All that’s fine and dandy, but I still want a damned sitcom.

Josh and Depression Vs. The World: Day 37

I can’t explain how, but I don’t feel horrible today. Don’t worry, friends, I’ll be back to my non-jovial self in no time. I am somehow not worried, and I just hate it when I’m off my A-game like this.

Fortunately, the person sitting near me at the coffee shop was coughing about once a minute, so now I have concerns about catching a cold, and this would be the worst time of the year for me to get sick. So I respond to this by turning my head slightly to the opposite direction, because maybe if the cold germs can’t look me in the eye, they won’t notice I’m there. #science.

I want to go on an adventure. And what I mean by that is that I want to watch an 80’s adventure movie. That’s how I explore the planet. Why go to South America when I can watch Michael Douglas and Kathleen Turner do it with much more flair and romance?

Here’s why 80’s adventure movies are wonderful:
heroes can save the day without staining their kaki pants.
The soundtrack features some degree of synth.
Danny DeVito is running around comedically worried.

Perhaps there is a psychological reason why I am attracted to the 80’s.
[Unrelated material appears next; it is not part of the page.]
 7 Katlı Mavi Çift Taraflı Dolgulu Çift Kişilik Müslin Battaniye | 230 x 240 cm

I was a child in the 80’s and a teenager in the ‘90’s. So in the 80’s, sugar and toys were more than enough to manage my depression. Thus, anything 80’s related brings me back to those times. Ah, for the movies where one cop could go against an entire machine-gun wielding drug cartel with only pistol and a dream.

Josh and Depression Vs. The World: Day 36

I skipped doing this yesterday, and that’s wreaking havoc on my obsessive compulsive disorder. The night before last was terrible – I was awake all night with worries about… does it matter what I am worried about? Ten years ago, I was worried. Ten years before that, I was worried. I’ve always been worried. I have a feeling that, after I’m gone, somehow, there will still be worrying. If somebody walks over my grave, they’ll have a sudden urge to check to make sure they paid the gas bill.
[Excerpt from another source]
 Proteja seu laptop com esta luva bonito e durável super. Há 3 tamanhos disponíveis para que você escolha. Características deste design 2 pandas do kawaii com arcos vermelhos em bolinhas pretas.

I now begin to understand that the ability to relax is a comprehensive process that involves a degree of discipline. Or drugs. Frankly, the drugs path is probably the more realistic one. But I’m too afraid of becoming addicted. So I guess I’ll have to try to sit under the bodhi tree for seven years.
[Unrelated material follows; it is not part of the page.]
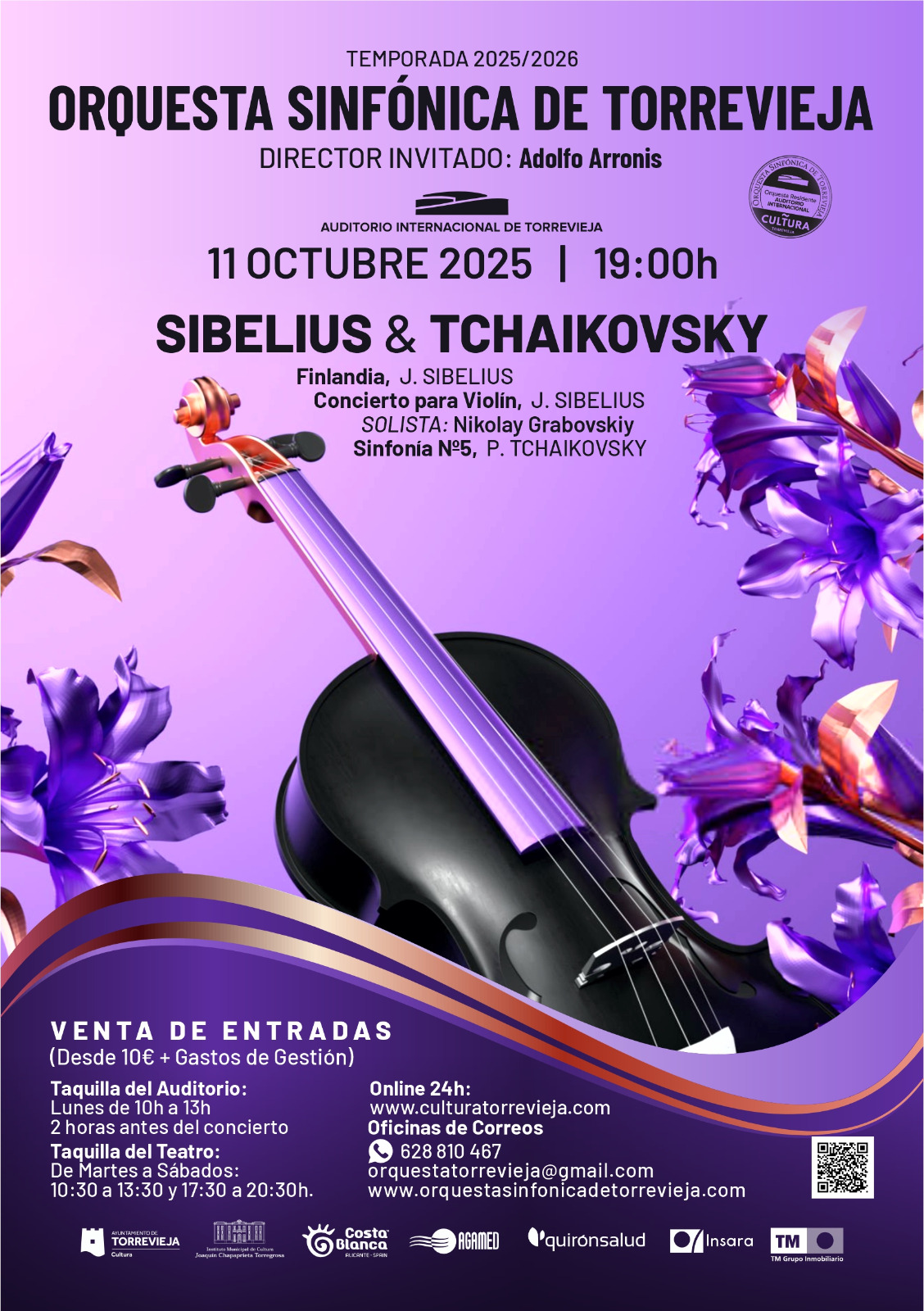 – 19 h.: Concierto con el título ‘Sibelius & Tchaikovsky’, por la Orquesta Sinfónica de Torrevieja (OST), bajo la dirección del director invitado, Adolfo Arronis, en el Auditorio Internacional, dentro del primer concierto de la temporada 2025-2026.

I’m feeling tired this morning. I had a dream that I was playing Jaques in As you Like It. Jaques is “melancholy.” He describes it as “a melancholy of my own, compounded of many simples, extracted from many objects, and indeed the sundry’s contemplation of my travels, in which my often rumination wraps me in a most humorous sadness.” Well, at least his sadness was humorous. He should be grateful. The Snyder sadness is 100% pure grain sadness.

I was also just thinking about zoos this morning, which doesn’t help my emotional outlook. I was reading an article about how a zoo in Egypt has been accused of painting a donkey to look like a zebra. I hate the concept of zoos to begin with. I know that I can’t tell exactly what animals are thinking and feeling, but I have a hunch they’d rather not be forced to look at us all day. Of course, I could be totally wrong – there could be some animals who would prefer to live in the zoo, and don’t mind being put on display. Perhaps, there are some animals who are like me, and hate nature – “we’ll take a cramped apartment over the African bush any day of the week.” So, I guess, for them, the zoo might be fine.

I remember a particular tiger who paced back and forth behind the glass. He (or she, I don’t know what sex it was) seemed frustrated to me. His thought seemed to be something like this “I want to kill and eat. I want to kill and eat. I want to kill and eat.” He looked mentally unhealthy. Why? Because he was isolated, confined, and not doing what he was built to do. The only difference between him and me is that I am the one imprisoning myself.